To celebrate Valentine’s Day and the launch of their new four-year programme earlier this month, the Active Consent research team at NUI Galway are premiering the third interactive short film in the Consent=OMFG series, John and Becky. The film shows a long-term couple who are having less sex than they used to in their relationship, and explores consent communication between established partners and the stereotype that men always desire physical connection.
Like the other films in the Consent=OMFG series (Tom and Julie and Kieran and Jake), the viewer experience of John and Becky involves making active choices for the characters at three key decision points in their story. With four possible endings, viewers experience firsthand the multiple directions sexual communication can go for this couple.

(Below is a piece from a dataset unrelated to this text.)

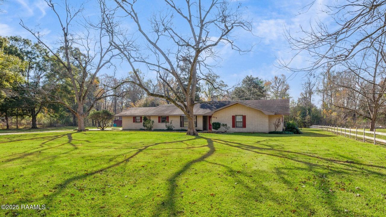 Looking for some acreage with a pond? This large home on three acres , partially wooded with a pond is south of Opelousas in desirable Magnolia Ridge, off of Hwy 182 near the Sunset exit. Gas is available. There is a gas fireplace, gas connection for the kitchen, and gas hot water heaters and central heat. The home is approximately 2300 sq ft. The front foyer entrance leads to an open kitchen/breakfast room area, living and dining area with a double sided fireplace, a large laundry area with a full bath, and three bedrooms and two more baths. The master suite has a separate vanity, and a large walk in closet. The flooring is bamboo, tile and wood laminate. This home has lots of windows to bring in natural light. Only one small dining room has freshly cleaned carpet. All rooms have been freshly painted with the exception of the laundry room. The living area has French doors onto the back yard. The backyard has a covered patio, a gazebo, and a large two story barn/storage/ workshop. This big two story outside building has electricity and water. The property also has a large kennel for dogs. The large front acreage is landscaped with very mature trees such as magnolia trees, pecan trees and other plantings. The property is very private at the end of the street on the right. Fish in your own pond! This is a great place for a family to explore and enjoy. Make an appointment today!

Active Consent researcher and film director Dr Charlotte McIvor said: “John and Becky portrays the complexity of negotiating consent even with long-term partners and the importance of ongoing and proactive dialogue around intimacy. We were interested in exploring how men may experience pressure to be intimate based on commonly-held stereotypes that they are always driven by sexual desire.”
The Consent=OMFG film series is one of the tools that will be highlighted in the Active Consent Programme’s toolkit for third-level institutions that will be released in spring 2019. It illustrates the breadth of the approach being taken and complements the SMART Consent workshops that have been running since 2015. A theatre performance on consent will also be launched later in the year. Intended to be used in conjunction with the new Active Consent programme toolkit, the performance will be available for touring on a limited basis to third-level institutions in late summer and autumn 2019.

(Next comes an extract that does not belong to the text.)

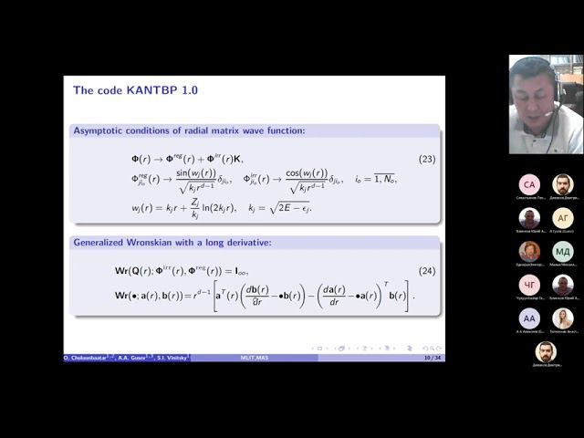 https://events.rudn.ru/event/183/ Обновления программы KANTBP и их применение для решения некоторых физических проблем О. Чулуунбаатар Монгольская академия наук, Улан-Батор, 13330, Монголия в сотрудничестве с А.А. Гусев, С.И. Виницкий Объединенный институт ядерных исследований, Дубна, Московская область, 141980, Россия Государственный университет «Дубна», Дубна, Московская область, 141980, Россия Российский университет дружбы народов (РУДН), 117198 Москва, Россия Первая FORTRAN версия программы KANTBP для вычисления значений энергии, матриц отражения и прохождения (или матрицы реакции) и соответствующих волновых функций в приближении связанных каналов адиабатического подхода была опубликована в Computer Physics Communications в 2007 году. При таком подходе многомерное уравнение Шредингера сводится к системе связанных обыкновенных дифференциальных уравнений второго порядка на конечном интервале с однородными краевыми условиями третьего рода в левой и правой граничных точках для задач дискретного спектра и многоканального рассеяния. Соответствующие краевые задачи решаются методом конечных элементов с использованием аппроксимаций высокого порядка точности. В течение 15 лет программа KANTBP обновлялась в трех FORTRAN версиях и двух MAPLE версиях. Эти версии применялись и применяются для решения различных задач в атомной, молекулярной и ядерной физике. Updates to the KANTBP program and their applications to solve some physical problems O. Chuluunbaatar Mongolian Academy of Sciences, Ulaanbaatar, 13330, Mongolia in collaboration with A.A. Gusev, S.I. Vinitsky Joint Institute for Nuclear Research, Dubna, Moscow Region, 141980, Russia Dubna State University, Dubna, Moscow Region, 141980, Russia Peoples' Friendship University of Russia (RUDN University), 117198 Moscow, Russia The first FORTRAN version of the KANTBP program to calculate the energy values, reflection and transmission matrices (or reaction matrix) and the corresponding wave functions in the coupled channel approximation of the adiabatic approach was published in Computer Physics Communications in 2007. In this approach, the multidimensional Schrödinger equation is reduced to a system of coupled second-order ordinary differential equations on a finite interval with the homogeneous boundary conditions of the third type at the left- and right-boundary points for discrete spectrum and multichannel scattering problems. The corresponding boundary-value problems are solved by the finite element method using high-order accuracy approximations. Within 15 years, the KANTBP program has been updated in three FORTRAN versions and two MAPLE versions. The versions have been and are applied to solve various problems in atomic, molecular and nuclear physics. Ссылки на программы – Links to programs: KANTBP 1.0 – http://elsevier.digitalcommonsdata.com/datasets/2gcb9tjknz/1 KANTBP 2.0 – https://elsevier.digitalcommonsdata.com/datasets/stxc75v54w/1 KANTBP 3.0 – https://elsevier.digitalcommonsdata.com/datasets/7rdv5h3tns/1 KANTBP 3.1 – https://data.mendeley.com/datasets/4vm9fhyvh3/1 KANTBP 4M – http://wwwinfo.jinr.ru/programs/jinrlib/kantbp4m/indexe.html KANTBP 5M – https://link.springer.com/chapter/10.1007/978-3-030-81698-8_11

Dr Pádraig MacNeela from the School of Psychology, NUI Galway, said: “Taken together, the training and resources available through the college toolkit will enable colleges to follow through on the commitment to support young people to make positive, active choices in what they do and do not want to consent to with their partners.”
One in five college students in a relationship reported in a SMART Consent survey that they would find it difficult to tell their partner that they do not want to have sex, and a similar percentage said they would find it difficult to say a certain sexual activity is not making them feel good.
The Consent=OMFG series can be viewed at www.nuigalway.ie/consent=omfg and on the YouTube channel, Consent is OMFG. John and Becky will be available from Thursday, 14 February.